Caucasus Heritage Watch has confirmed the destruction of an Armenian cemetery in the village of Sghnakh, as first reported by Monument Watch.
The area was bulldozed in connection with road construction.
Monument Watch reports that the cemetery was founded in the mid-18th c. and remained in use until Armenians evacuated the village following the fall 2020 war. Satellite imagery indicates that the destruction took place between April 12 and June 18.
CHW called on Azerbaijan’s authorities to stop the destruction of cemeteries and act as stewards of all cultural heritage on their territory.
This is the second historic cemetery destroyed along the new Fuzuli-Shushi road, after Mets Tagher.

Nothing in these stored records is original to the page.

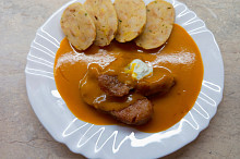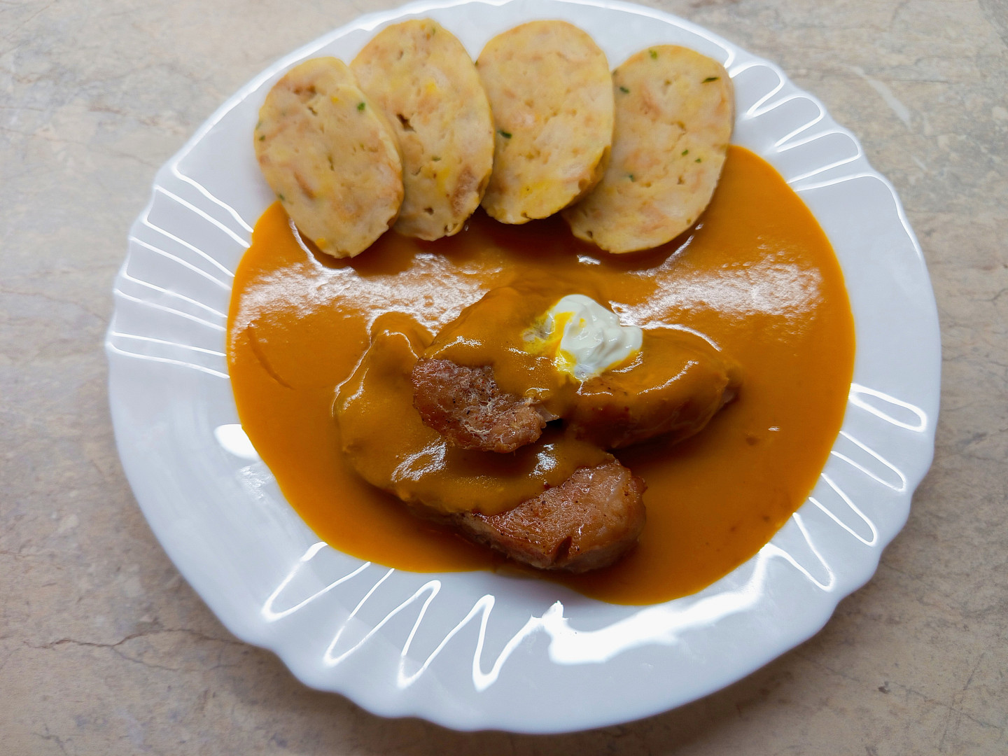 Krémová dýňová omáčka s kořenovou zeleninou a zakysanou smetanou
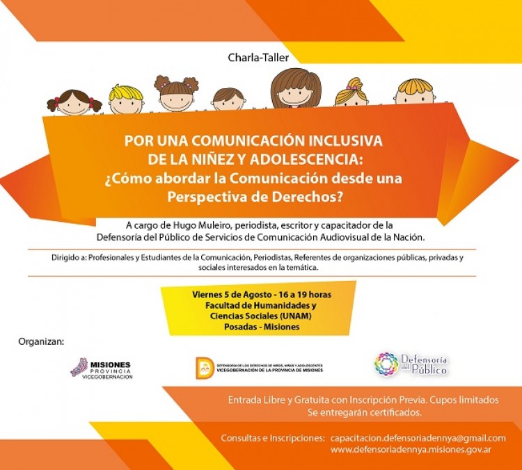 En nuestro país, a partir de la ratificación de la Convención de los Derechos del Niño y de la sanción de la Ley de Protección Integral de Niños, Niñas y Adolescentes (Ley 26.061), se ha reconocido a las niñas, niños y adolescentes como sujetos titulares de derechos, entre los que se incluye el de recibir información y opinión en pluralidad, con contenidos accesibles según su nivel de desarrollo, y el de buscar, investigar y difundir informaciones y opiniones. En este sentido, la Ley de Servicios de Comunicación Audiovisual contempla una serie de previsiones con el fin de garantizar la producción de contenidos audiovisuales respetuosos de los derechos cuya titularidad corresponde a la infancia y adolescencia. Con el objetivo de brindar herramientas para modificar e incluir prácticas orientadas a lograr una comunicación responsable de las niñas, niños y adolescentes; se realizará el viernes 5 de agosto, en la ciudad de Posadas, el taller “Por una Comunicación Inclusiva de la Niñez y Adolescencia: ¿Cómo abordar la Comunicación desde una Perspectiva de Derechos?La actividad es organizada por la Defensoría de Derechos de los Niños, Niñas y Adolescentes de Misiones y se llevará a cabo en la Facultad de Humanidades y Ciencias Sociales de la Universidad Nacional de Misiones, en el Salón de Usos Múltiples de la Facultad de Humanidades y Ciencias Sociales (Unam). Colón 2368 – 1er. Piso – Edificio Juan Figueredo. Entrada libre y gratuita. Se entregarán certificados de asistencia.de 16 a 19 horas.El encuentro estará a cargo de Hugo Muleiro, periodista, integrante de la Dirección de Capacitación de la Defensoría del Público de Servicios de Comunicación Audiovisual de la Nación.¿Qué sabemos de niñez y adolescencia a través de los medios?; ¿cuáles son los temas de los que somos informados y aquellos que no se dan a conocer?; ¿qué implicancias tiene para los medios de comunicación, para el Estado y para la sociedad el marco legal vigente?; ¿cómo incluir la voz de niñas, niños y adolescentes en las organizaciones?; son algunos de los interrogantes y ejes temáticos que se abordarán en el taller. El evento es gratuito y está dirigido a periodistas, comunicadores sociales, referentes de organismos del ámbito público, social, académico y privado que trabajan en infancia y adolescencia o están interesados en la temática.El taller se enmarca en la tarea de formación y promoción que viene llevando a cabo la Defensoría de los Derechos de los NNyA de Misiones tendiente a brindar herramientas a diversos actores sociales para el cumplimiento efectivo de los derechos de la niñez y adolescencia. Para inscribirse o para consultas comunicarse a [email protected]. Es importante la inscripción previa, dado que hay cupos limitados. Se entregarán certificados de asistencia.Para inscribirse, ingresar a <a href="https://docs.google.com/forms/d/e/1FAIpQLSdOPGBzzCogM1MoeTiFtZij7TePO_z1elubC1hXp9Zwku3ldA/viewform">https://docs.google.com/forms/d/e/1FAIpQLSdOPGBzzCogM1MoeTiFtZij7TePO_z1elubC1hXp9Zwku3ldA/viewform</a>
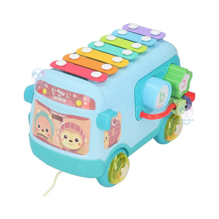 - دارای نخ کشی: یک نخ 15 سانتیمتری به جلوی اتوبوس متصل است تا کودک بتواند آن را بکشد و همراه خود حرکت دهد.
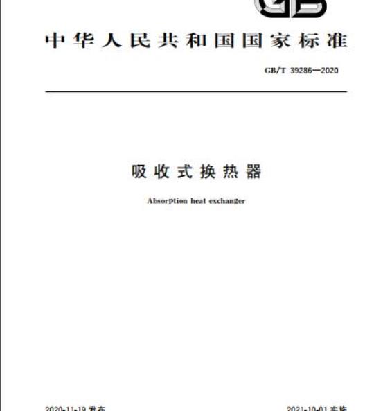GB/T 39286-2020.Absorption heat exchanger.
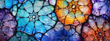 Abstract stained glass artwork with vibrant colors and geometric patterns, artistic concept.
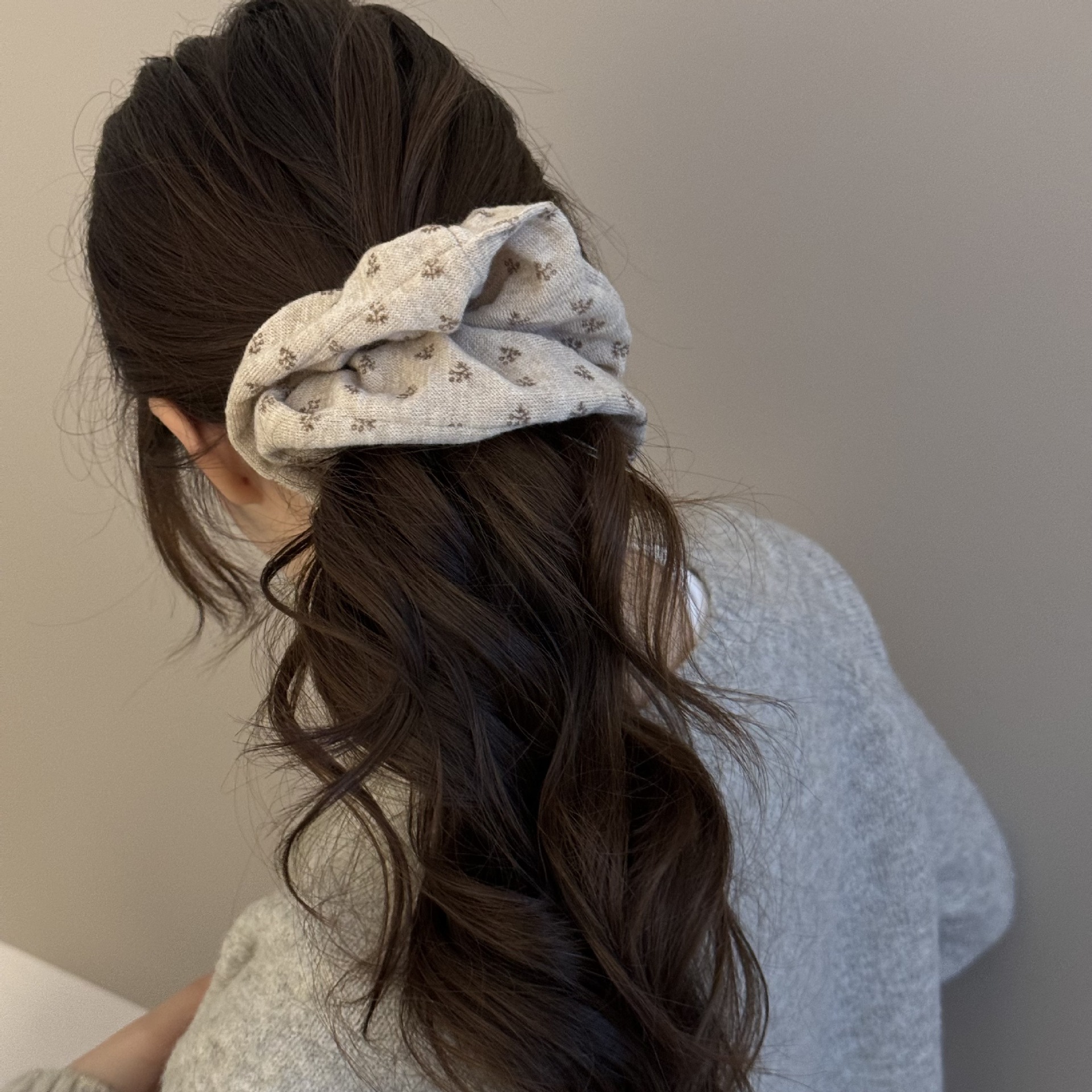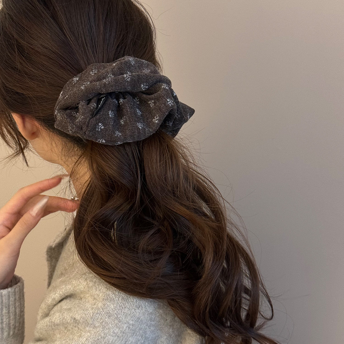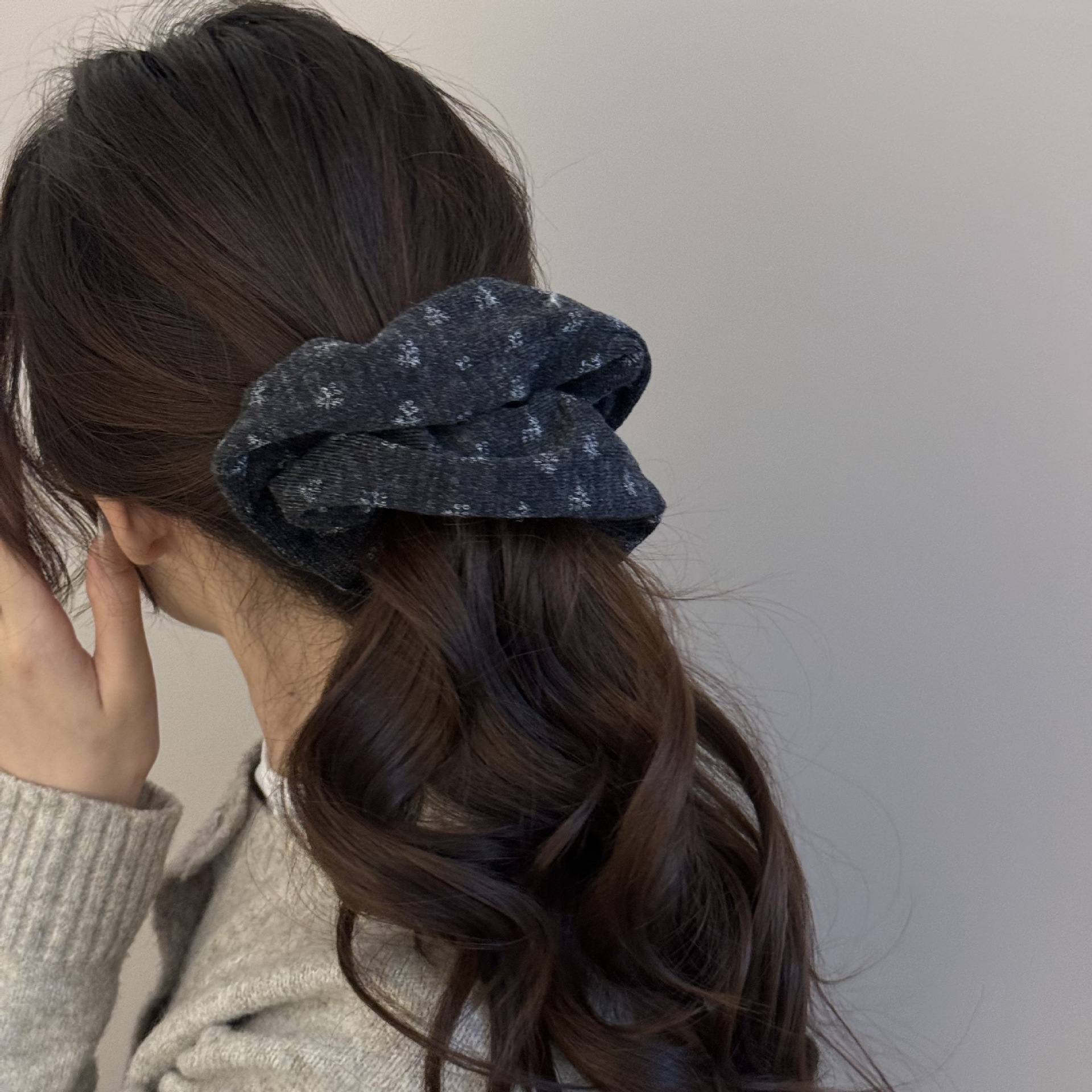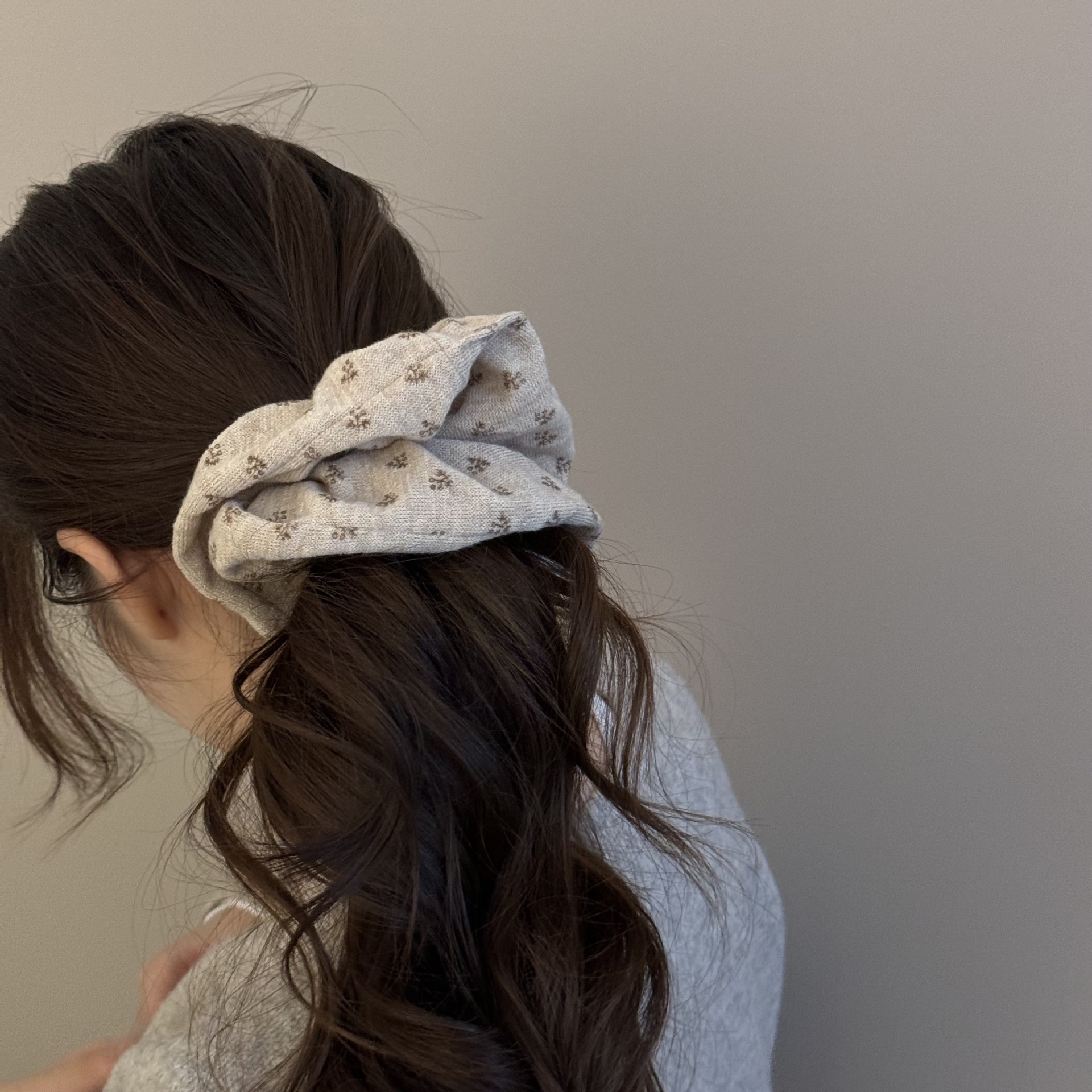 gray floral hair tie

Concerns about the preservation of cultural sites in Nagorno-Karabakh are made all the more urgent by the Azerbaijani government’s history of systemically destroying indigenous Armenian heritage—acts of both warfare and historical revisionism. The Azerbaijani government has secretly destroyed a striking number of cultural and religious artifacts in the late 20th century. Within Nakhichevan alone, a historically Armenian enclave in Azerbaijan, Azerbaijani forces destroyed at least 89 medieval churches, 5,840 khachkars (Armenian cross stones) and 22,000 historical tombstones between 1997 and 2006.